TASK DETAILS: Output everything in the data exactly, leaving the pictures out.
****************
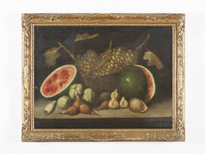 Dipinto inserito in una cornice in legno intagliato e dorato.\nDal fondo scuro, emergono in primo piano i vari elementi che costituiscono la composizione, poggianti su un piano di appoggio. La luce, proveniente da sinistra, crea effetti chiaroscurali che sottolineano la verità, il realismo dei frutti rappresentati; una luce indagatrice, che mette in risalto la consistenza delle forme, i materiali. Predominano tonalità calde di colore che evidenziano ancor più l'umile verità che traspare dalla composizione.
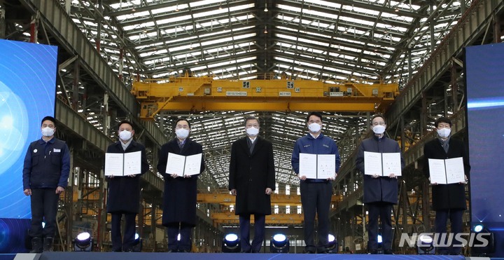 [군산=뉴시스] 김진아 기자 = 문재인 대통령이 24일 전북 군산시 현대중공업 군산조선소에서 열린 군산조선소 재가동 협약식에서 협약식을 마친 뒤 기념촬영을 하고 있다. 왼쪽부터 정병천 현대중공업 노조지부장, 강임준 군산시장, 문승욱 산업통상자원부 장관, 문 대통령, 한영석 현대중공업 대표이사, 송하진 전북도지사, 안경덕 고용노동부 장관. 2022.02.24. [email protected]
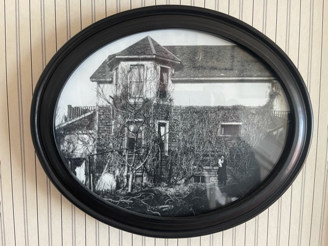 The hundred year old Ginkgo biloba tree now towers over the two story home and is one of the largest and oldest of it’s species in our province. This is a male species, as the female Ginkgo trees are not desirable due to its rotten fruit like smell, and hence the species almost went extinct. This is a primitive tree, remotely related to ferns & roamed the earth at the time of the dinosaurs. This tree existed before bees came on the evolutionary scene. Therefore these trees do not need to be pollinated. The house also features the original wisteria seen on the old pictures, which was carefully scaffolded away from the house during the last massive renovations. One of the original bath-outhouses still exists but was recently moved to the back of the property.
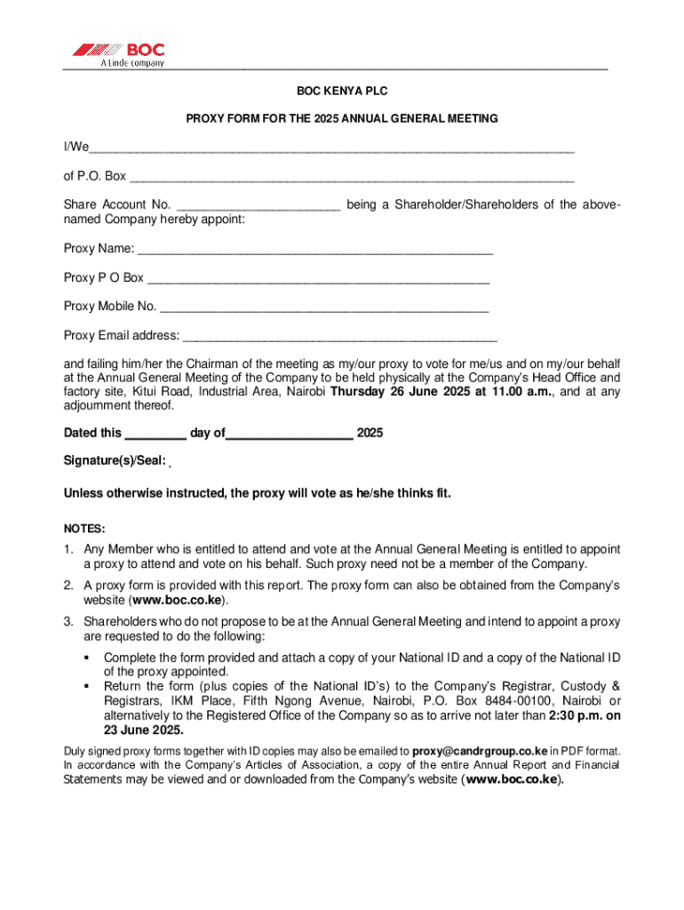 Filling out a BOC Aviation proxy form accurately is vital. Completing the form requires specific information to validate the submission.
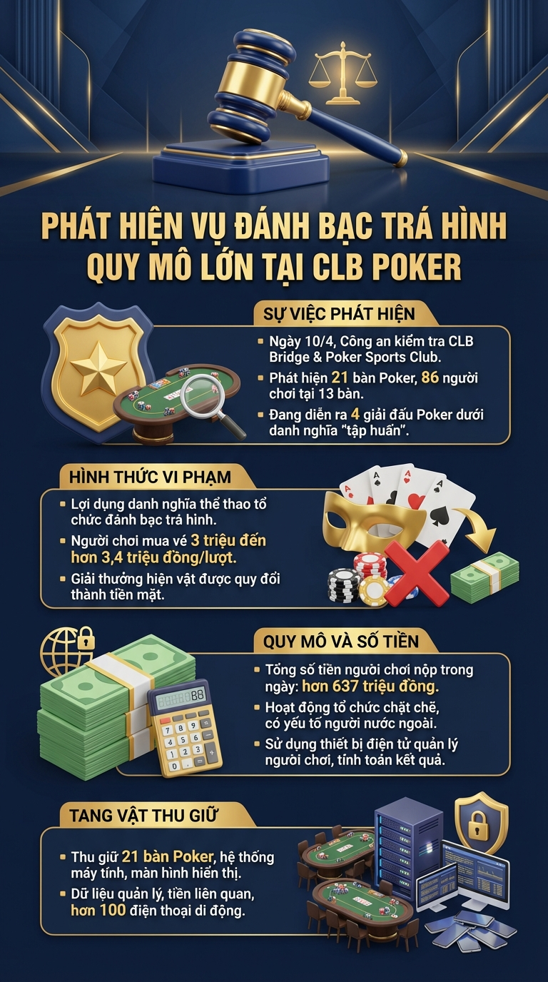 Hoạt động tổ chức được điều hành chặt chẽ, có sự tham gia của nhiều đối tượng người nước ngoài, phân công vai trò cụ thể từ quản lý, thu ngân, chia bài đến điều phối giải đấu. Tại hiện trường, lực lượng Công an ghi nhận hệ thống vận hành chuyên nghiệp, sử dụng thiết bị điện tử để quản lý người chơi, tính toán kết quả và kiểm soát dòng tiền, cho thấy tính chất tinh vi, có yếu tố nước ngoài tham gia điều hành.
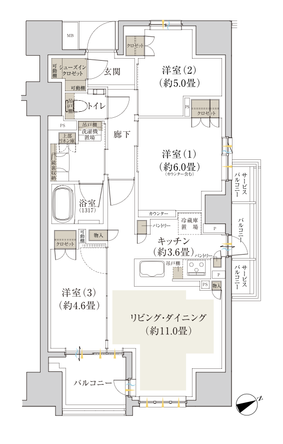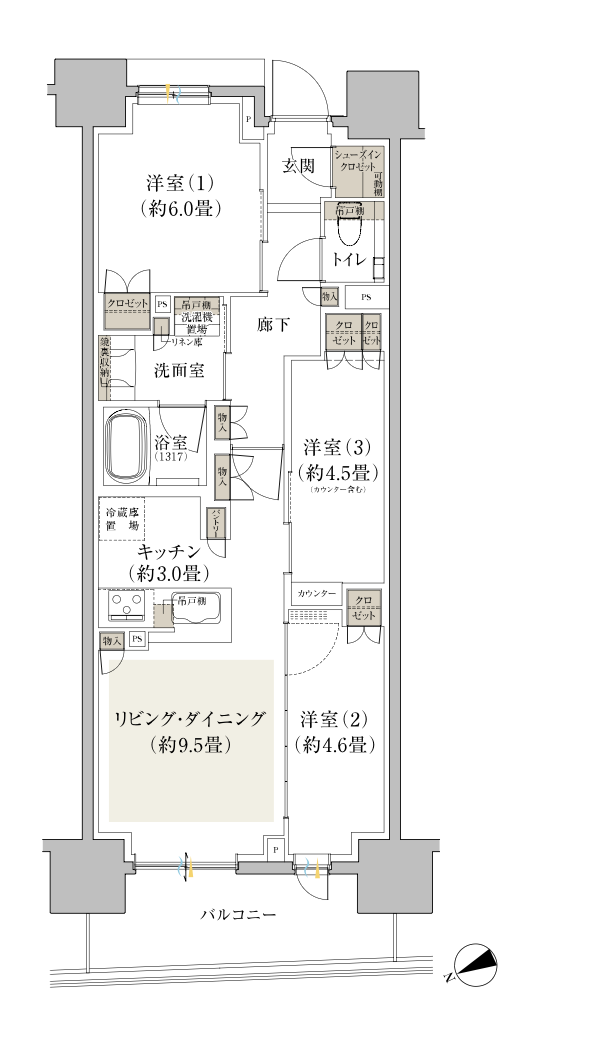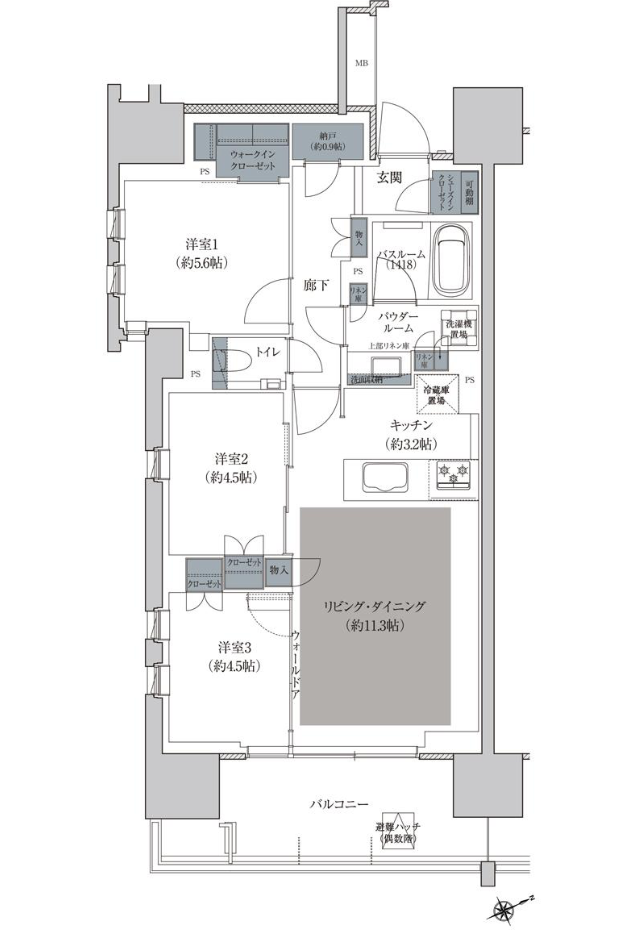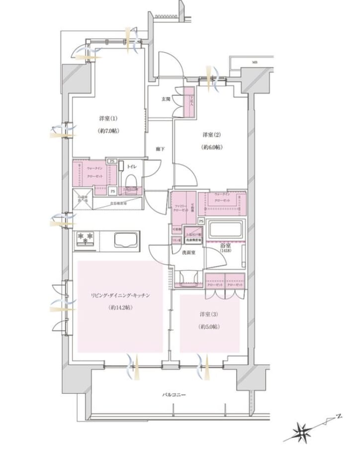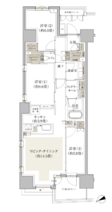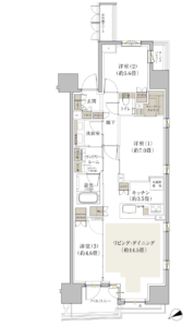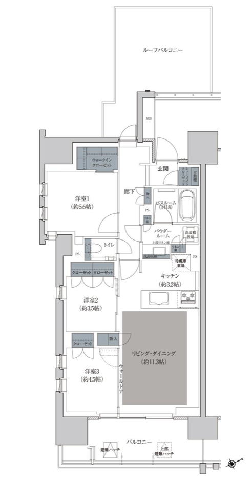 3LDK 71.43㎡ 南東向きルーフバルコニー付11階
****************
OUTPUT FOR THIS TASK:
 Dipinto inserito in una cornice in legno intagliato e dorato.\nDal fondo scuro, emergono in primo piano i vari elementi che costituiscono la composizione, poggianti su un piano di appoggio. La luce, proveniente da sinistra, crea effetti chiaroscurali che sottolineano la verità, il realismo dei frutti rappresentati; una luce indagatrice, che mette in risalto la consistenza delle forme, i materiali. Predominano tonalità calde di colore che evidenziano ancor più l'umile verità che traspare dalla composizione.
 [군산=뉴시스] 김진아 기자 = 문재인 대통령이 24일 전북 군산시 현대중공업 군산조선소에서 열린 군산조선소 재가동 협약식에서 협약식을 마친 뒤 기념촬영을 하고 있다. 왼쪽부터 정병천 현대중공업 노조지부장, 강임준 군산시장, 문승욱 산업통상자원부 장관, 문 대통령, 한영석 현대중공업 대표이사, 송하진 전북도지사, 안경덕 고용노동부 장관. 2022.02.24. [email protected]
 The hundred year old Ginkgo biloba tree now towers over the two story home and is one of the largest and oldest of it’s species in our province. This is a male species, as the female Ginkgo trees are not desirable due to its rotten fruit like smell, and hence the species almost went extinct. This is a primitive tree, remotely related to ferns & roamed the earth at the time of the dinosaurs. This tree existed before bees came on the evolutionary scene. Therefore these trees do not need to be pollinated. The house also features the original wisteria seen on the old pictures, which was carefully scaffolded away from the house during the last massive renovations. One of the original bath-outhouses still exists but was recently moved to the back of the property.
 Filling out a BOC Aviation proxy form accurately is vital. Completing the form requires specific information to validate the submission.
 Hoạt động tổ chức được điều hành chặt chẽ, có sự tham gia của nhiều đối tượng người nước ngoài, phân công vai trò cụ thể từ quản lý, thu ngân, chia bài đến điều phối giải đấu. Tại hiện trường, lực lượng Công an ghi nhận hệ thống vận hành chuyên nghiệp, sử dụng thiết bị điện tử để quản lý người chơi, tính toán kết quả và kiểm soát dòng tiền, cho thấy tính chất tinh vi, có yếu tố nước ngoài tham gia điều hành.
 3LDK 71.43㎡ 南東向きルーフバルコニー付11階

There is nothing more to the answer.